🎯 SQL for Data Analyst

5 min read 1002 words

This roadmap takes you from core query fluency to database performance mastery, mirroring the level of reasoning and rigor expected in high-bar technical interviews.


🧩 Core SQL Concepts

Note

The Top Tech Interview Angle (SELECT, WHERE, and Aggregations): The foundation of every SQL screen. These questions assess your ability to manipulate data accurately, reason about filtering and aggregation order, and balance correctness with performance.
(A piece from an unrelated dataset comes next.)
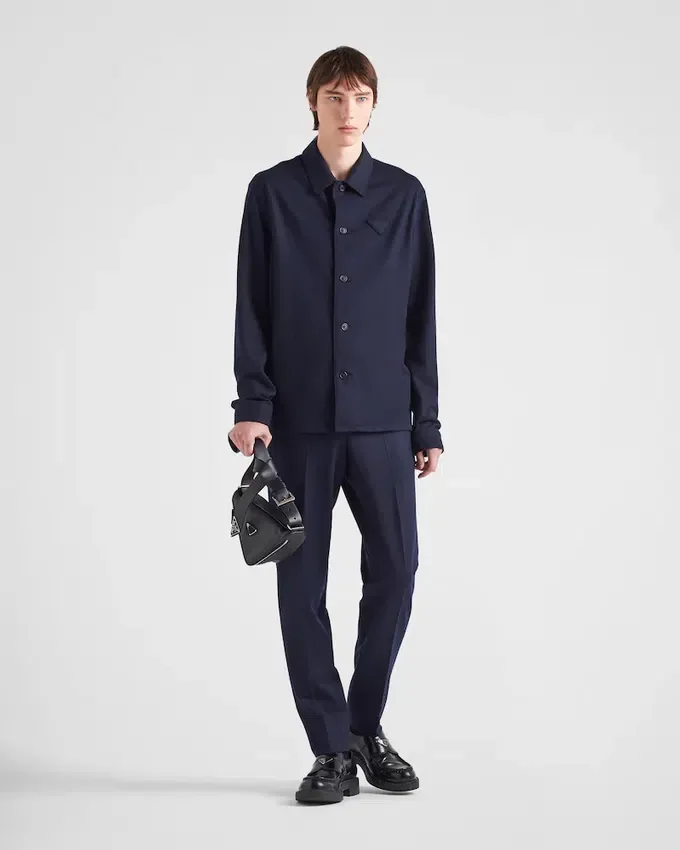 Sleek and Refined, This Shirt is Characterized by Its Original Horn Button Closure That Underlines the Hybrid Soul of the Garment That is Decorated with the Triangle Logo Reinterpreted as a Fabric Patch.

Strong candidates explain why queries behave a certain way — not just what the result is.


1.1: Learn the SQL Query Lifecycle

  • Understand SQL’s logical execution order:

    FROM → JOIN → WHERE → GROUP BY → HAVING → SELECT → ORDER BY → LIMIT
  • Internalize this order to reason about why filters or aggregates behave differently depending on where they are placed.

Deeper Insight: Interviewers often ask: “Why can’t you use an aggregate function in the WHERE clause?” This tests whether you understand query evaluation stages.


1.2: Filter and Aggregate Like an Analyst

  • Practice writing filters:

    SELECT *
    FROM sales
    WHERE region = 'West' AND amount > 1000;
  • Combine with aggregation:

    SELECT region, SUM(amount) AS total_sales
    FROM sales
    WHERE amount > 1000
    GROUP BY region;
  • Learn when to use HAVING vs WHERE and how each affects grouped data.

Probing Question: “If you move a condition from WHERE to HAVING, how does the output change?” This distinguishes between pre-group filtering and post-group filtering.


1.3: Nulls, Case, and Conditional Logic

  • Understand how NULL propagates in expressions.

  • Learn conditional constructs like:

    SELECT 
      CASE 
        WHEN discount IS NULL THEN 'No Discount'
        ELSE 'Discount Applied'
      END AS discount_flag
    FROM orders;
  • Realize that NULL ≠ 0 ≠ ‘’ — a subtlety that trips up many candidates.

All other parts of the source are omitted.